Focusing on Hussein’s domestic transgressions throws the spotlight on the extent to which many Iraqis acquiesced in the dictator’s policies and may impede efforts to create a new and stable regime. (The Iraqi Governing Council wants to create a South Africa-style Truth and Reconciliation Commission to address this concern.) It also runs the risk of polarizing relations between Sunnis, many of whom benefited from Hussein’s actions, and Iraq’s Shiite and Kurdish populations, who suffered severely under his rule. If the goal is to discredit Hussein’s tyrannical regime, a judicial process that appears to be nothing more than institutionalized vengeance on the part of the latter two communities will fail.
Proponents of the Nuremberg approach point to the successful precedents of creating international tribunals to try persons suspected of war crimes in the former Yugoslavia and in Africa. These courts were created precisely because it was believed that local courts would be unable to effectively hold perpetrators to account.

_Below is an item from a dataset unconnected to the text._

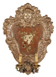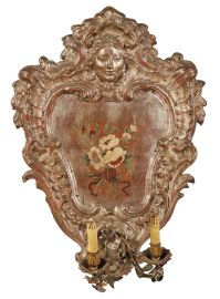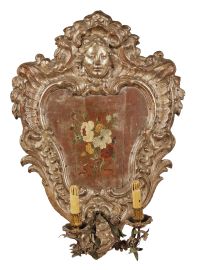 in legno laccato e dorato a mecca, di forma sagomata con battuta profilata da volute seguita da ampia fascia intagliata a nastro pieghettato a inquadrare al centro superiore volto femminile coronato da palmetta dalla quale ricadono mazzetti di foglie che si portano sui lati, al centro inferiore due volute convergenti inquadrano due braccetti in lamina di metallo policroma foggiati a rami fioriti con piattelli e bobeches in legno intagliato a elementi vegetali, interno dipinto a mazzetto di fiori trattenuto da nastro; sul retro bollino ANTICHITÀ PIETRO ACCORSI TORINO, cm 78,5x55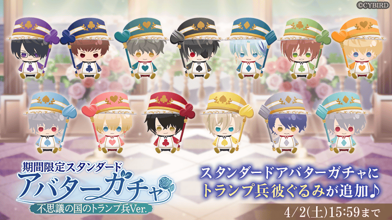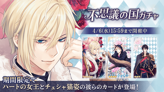 さらに、ハートの女王やチェシャ猫姿の王子のカードが獲得できる「不思議の国ガチャ」が開催予定です。

Indeed, in June 2001, the United States demanded that a democratic Serbian government extradite Slobodan Milosevic to the war crimes tribunal in The Hague, even though local courts were preparing to try the former Yugoslav leader. The West wanted to emphasize Milosevic’s violations of international norms — ethnic cleansing and war crimes in Bosnia and Kosovo during the 1990s — rather than Milosevic’s internal misdeeds — corruption and dictatorial rule.
Because Milosevic’s reputation has been enhanced at home rather than tarnished by having him tried by “foreigners” instead of his own people, the United States now prefers that Hussein be tried by Iraqis to prevent him from acquiring the status of a martyr. Moreover, focusing on Hussein’s violations of international law — for example, using chemical weapons against Iran — might lead to embarrassing revelations about how the West supported Saddam as a bulwark against revolutionary Iran during the 1980-1988 war, even providing the infrastructure and expertise necessary to manufacture such weapons.
Yet Saddam’s international behavior cannot be ignored. After all, the justification for the coalition invasion of Iraq was that his regime posed an immediate threat to other nations — not that he was a domestic tyrant. So the best solution is to create a hybrid court — constituted as a domestic tribunal, but with non-Iraqi participants and advisers — a solution being advanced by Richard Goldstone, a former South African constitutional justice who served as the first prosecutor for the Yugoslav and Rwanda war crimes tribunals.
A hybrid tribunal would allow Iraqis to take the lead in judging the fallen dictator but provide the judicial expertise Iraq lacks after three decades of Hussein’s tyranny. Unlike an international tribunal, it would respect Iraqi sovereignty. Unlike a domestic court, it would have jurisdiction to adjudicate his treaty violations.
It is critical that both Hussein’s domestic and international crimes be brought to light. A mixed court offers us the best way to achieve this.
Nikolas K. Gvosdev is a senior fellow for strategic studies at The Nixon Center in Washington and a writer for the History News Service.